Information provided:
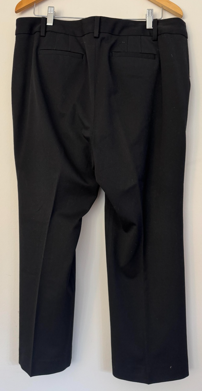 Talbots Barely Boot pants in a classic solid black color. Designed with a flattering barely bootcut leg that balances professional polish and everyday comfort. Features a tailored waistband with belt loops, front pockets, and back welt pockets. Perfect for office wear, business casual outfits, or versatile work-to-weekend styling. Measurements (Flat lay, approximate) • Waist: 17 in • Rise: 10.5 in (approx) • Inseam: 26.5 in • Leg opening: 8 in • Total length: 37 in Item Specifics Style: Dress Pants / Slacks Department: Women Type: Pants Size Type: Petites Size: 16P Brand: Talbots Color: Black Fit: Regular Leg Style: Barely Boot Rise: Mid Rise Closure: Zip Fly with Button Material: Polyester Blend (stretch) Fabric Type: Woven Pattern: Solid Occasion: Business, Workwear, Casual Features: Stretch, Pockets, Tailored Fit Theme: Classic, Career, Office Vintage: No Keywords talbots barely boot, talbots pants, womens work pants, black dress pants, career slacks, office wear, business casual pants, petite pants, bootcut pants women, tailored slacks, professional workwear, classic pants
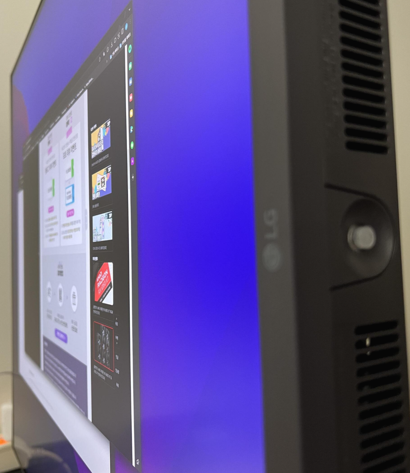 디자인은 깔끔하고 좋은데 기존에 보던 모니터들보다는 두꺼운 편입니다.
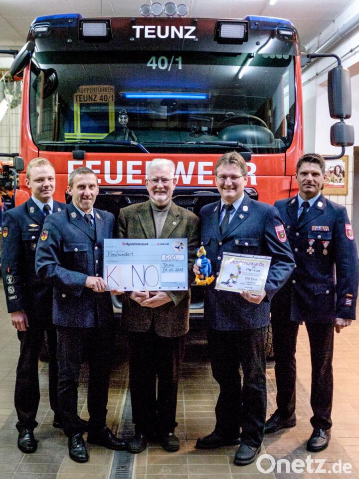 Die Feuerwehr Teunz blickte bei ihrem Jahresabschluss auf ein sehr erfolgreiches Fest im letzten Jahr zurück. Drei Tage wurde gefeiert, getanzt und gelacht. Der letzte Festabend mit dem Konzertprogramm "Sternstunden der Blasmusik", dargeboten von den Schlossbergern aus Eslarn, wurde zugunsten der Kinderklinik Nordostbayern "Kuno" veranstaltet. Die 500 Euro Erlös des Abends wurden nun im Feuerwehrhaus Teunz an Dr. Hans Brockard, Vorstand der Stiftung Kinder-Universitätsklinik für Ostbayern, übergeben. Er erklärte in einem kurzen Vortrag, dass sich die Aufgabe der Stiftung nach der Anschubfinanzierung für die Klinik gewandelt hat.

What needs to be done: Line by line, give the material above again exactly, but without any pictures.

Answer for this exercise:
 Talbots Barely Boot pants in a classic solid black color. Designed with a flattering barely bootcut leg that balances professional polish and everyday comfort. Features a tailored waistband with belt loops, front pockets, and back welt pockets. Perfect for office wear, business casual outfits, or versatile work-to-weekend styling. Measurements (Flat lay, approximate) • Waist: 17 in • Rise: 10.5 in (approx) • Inseam: 26.5 in • Leg opening: 8 in • Total length: 37 in Item Specifics Style: Dress Pants / Slacks Department: Women Type: Pants Size Type: Petites Size: 16P Brand: Talbots Color: Black Fit: Regular Leg Style: Barely Boot Rise: Mid Rise Closure: Zip Fly with Button Material: Polyester Blend (stretch) Fabric Type: Woven Pattern: Solid Occasion: Business, Workwear, Casual Features: Stretch, Pockets, Tailored Fit Theme: Classic, Career, Office Vintage: No Keywords talbots barely boot, talbots pants, womens work pants, black dress pants, career slacks, office wear, business casual pants, petite pants, bootcut pants women, tailored slacks, professional workwear, classic pants
 디자인은 깔끔하고 좋은데 기존에 보던 모니터들보다는 두꺼운 편입니다.
 Die Feuerwehr Teunz blickte bei ihrem Jahresabschluss auf ein sehr erfolgreiches Fest im letzten Jahr zurück. Drei Tage wurde gefeiert, getanzt und gelacht. Der letzte Festabend mit dem Konzertprogramm "Sternstunden der Blasmusik", dargeboten von den Schlossbergern aus Eslarn, wurde zugunsten der Kinderklinik Nordostbayern "Kuno" veranstaltet. Die 500 Euro Erlös des Abends wurden nun im Feuerwehrhaus Teunz an Dr. Hans Brockard, Vorstand der Stiftung Kinder-Universitätsklinik für Ostbayern, übergeben. Er erklärte in einem kurzen Vortrag, dass sich die Aufgabe der Stiftung nach der Anschubfinanzierung für die Klinik gewandelt hat.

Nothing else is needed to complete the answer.